Root Cause Packet Drop Through Model Driven Telemetry Deployment
Introduction
As part of Cisco Customer Experience group, we are often involved in critical and very technical customer escalations. This blog post aims to describe how Model Driven Telemetry was used to identify and root cause packet drop in a large service provider production environment.
Context
Earlier this year Cisco TAC was contacted by one of our customers to report transient packet loss, ultimately impacting their IPTV service during peak hour. Packet loss was narrowed down to ASR 9000 routers and dropped packets were identified as Early Fast Discard (EFD) at Network Processor (NP) level. This is a high-level representation view of a Cisco ASR9000 3rd generation linecard in a 8x100G configuration:
If we zoom inside a Network Processor, we can see EFD can happen in very early stages in ingress:
More information about ASR 9000 Early Fast Discard (EFD) can be found in BRKSPG-2904 Cisco Live presentation.
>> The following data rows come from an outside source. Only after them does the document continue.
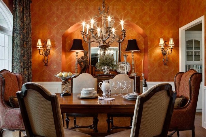 تضيء الشمعدانات الموجودة في القاعة أيضًا المفروشات التي يريد صاحب المنزل إبرازها. يمكن تجهيز الغرفة المزينة على الطراز الكلاسيكي بالعديد من الزخارف والإضافات.
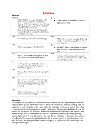 The proposed music video ideas focus on themes of danger, drinking, and confrontation. Anthony's idea follows a character who drinks alone in his room before encountering a gang at night who threaten and knock him out. Me's idea shows a character getting drunk at a bar before stumbling out and bumping into a gang, creating tension. Zayd's idea establishes a North London location and shows the character drinking at a bar before being attacked outside. All three ideas involve the character encountering danger after drinking alcohol.
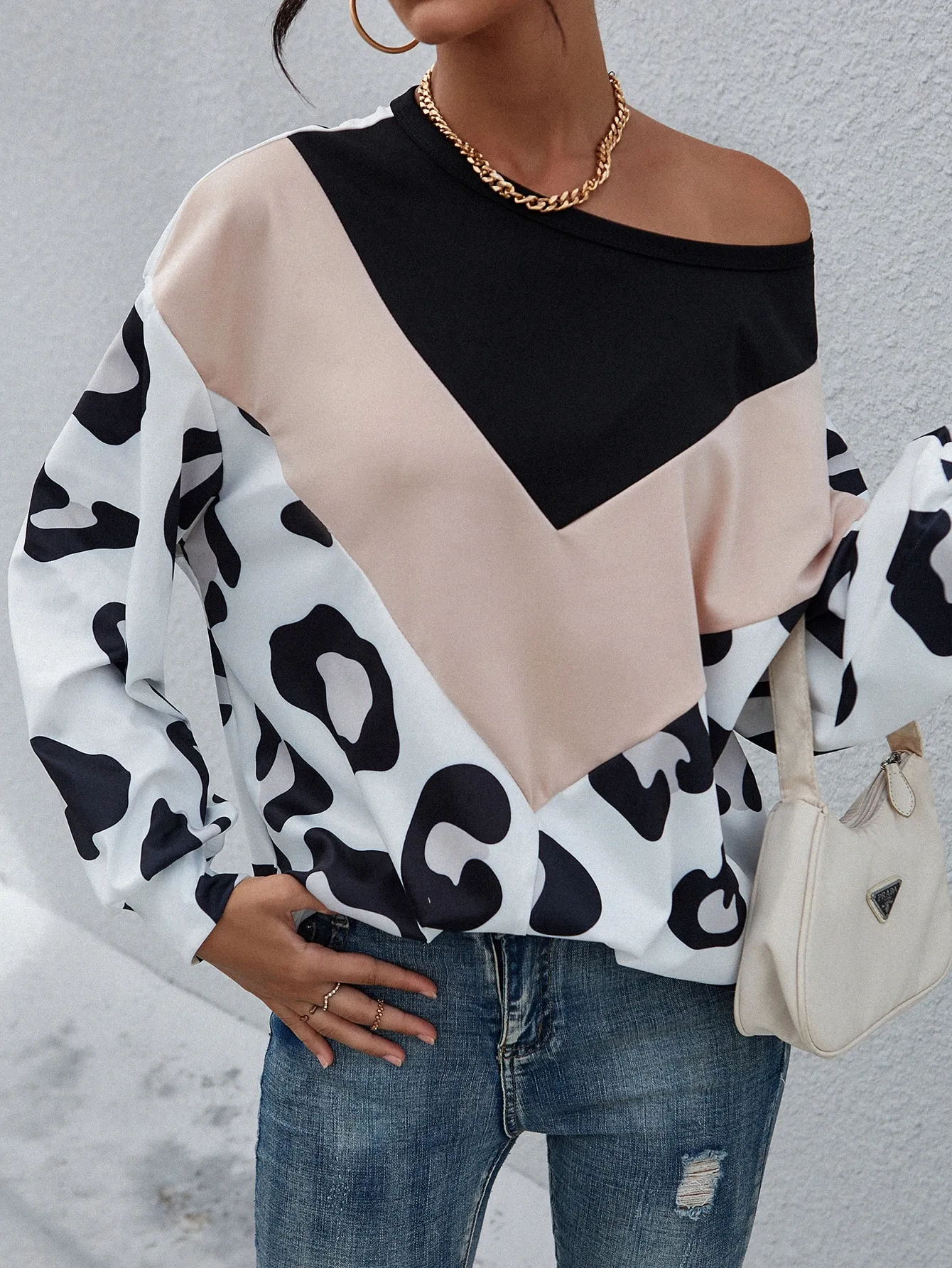 SMY Women’s V-neck Button Decoration Patchwork Long Sleeve Casual T-shirt

RP/0/RP0/CPU0:ASR9000#sh controllers np fast-drop all location 0/10/CPU0
Fri Feb 14 18:00:06.419 FRANCE
Node: 0/10/CPU0:
----------------------------------------------------------------
snip
-------------------------------------------------------------
All fast drop counters for NP 1:
HundredGigE0/10/0/3:[Priority1] 0
HundredGigE0/10/0/3:[Priority2] 0
HundredGigE0/10/0/3:[Priority3] 247
HundredGigE0/10/0/2:[Priority1] 0
HundredGigE0/10/0/2:[Priority2] 0
HundredGigE0/10/0/2:[Priority3] 23451515
-------------------------------------------------------------
Source of EFD was unknown and could be caused by several factors. An engineering Cisco IOS-XR SMU was developed to manually monitor and record average and peak RFD (Receive Frame Descriptor) utilization. As ratio between average and peak values was big (x12), we were able to demonstrate existence of bursts in this network.
Leveraging Model Driven Telemetry in production
While a manual and offline analysis through enhanced np_perf SMU was handy to prove bursts presence, this was not enough to identify when exactly they appeared, how big they were and how often they would repeat. Those events were very short and intense and could not be caught with traditional monitoring techniques which often provide 5min resolution. Moreover, we were missing critical information not available through regular SNMP MIB which would help us identify the source of those bursts.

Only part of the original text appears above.